阪神タイガースに過ぎたるものが二つあり。甲子園球場と縦縞のユニフォーム—と。
文中の一節であるが、ここまで簡潔に阪神タイガースを愛してやまない人々の心を代弁する言葉もまたないのでは、と思った。
そしてつけ加えるならば、「過ぎたるものは三つ」あると、私は言いたい。
「三つ目は、伝説の選手たち」だ。
創設70周年(2005年)を迎える球団史を彩る、いずれも個性的で、かつどことなく人生の悲哀をもしょってグランドに散っていった戦士たち—ほとんどが現役時代を知らぬ選手ばかりではあるが、時代を経ても彼らたちの輝きは、少しも失われない。
それどころか野球熱そのものが、かつての時代とは比べようもないほど、温度の低い現代においても、彼らのいる時代だけは、とてつもなく熱いものなのだ。

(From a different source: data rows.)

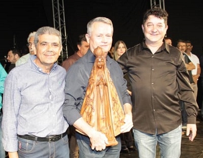 Três prefeitos foram prestigiar a festa dos 60 anos de Janiópolis, que aconteceu no fim de semana. O presidente da Comcam, Leandro de Oliveira (Araruna), foi um deles. Cássio Zanuto, de Rancho Alegre do Oeste, foi outro. O terceiro foi Oclécio Meneses (Farol), que levou de presente ao prefeito Ismael Dezanoski uma imagem de Nossa Senhora Aparecida feita em madeira.
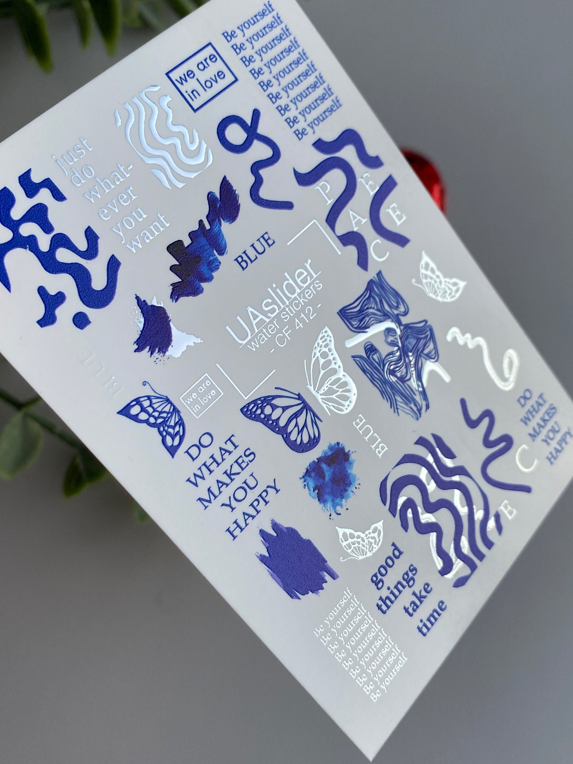 Nail Water Decal CF-412 | Blue Abstract & Butterfly Water Slide Nail Decals | Motivational Quotes Nail ArtCF_412
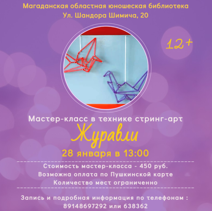 Друзья! Мы рады сообщить вам о новом мастер-классе «Журавли» в технике стринг-арт! (далее…)
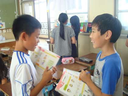 みんながとても楽しみにしている英語の時間です。初めは,恥ずかしがっていた様子でしたが,今では英語を話すことをとても楽しんでいます。今日は,友だちの様子を聞きに回ったり,じゃんけんゲームをしたりしました。

「江夏豊」、という男も、そんな猛虎戦士のまぎれもない一員であり、記録よりも記憶に残る、選手の一人だ。
本書では江夏豊というひとりの男を軸に、戦後に生まれ高度成長期に青春と遭遇した人々とを追ったノンフィションである。
まさそく時代は「プロ野球のシーズンまっただ中」であったに違いない。
プロ野球が「夏本番」を迎えた頃の、時代の証言がこの一冊にはぎゅっと詰まっている。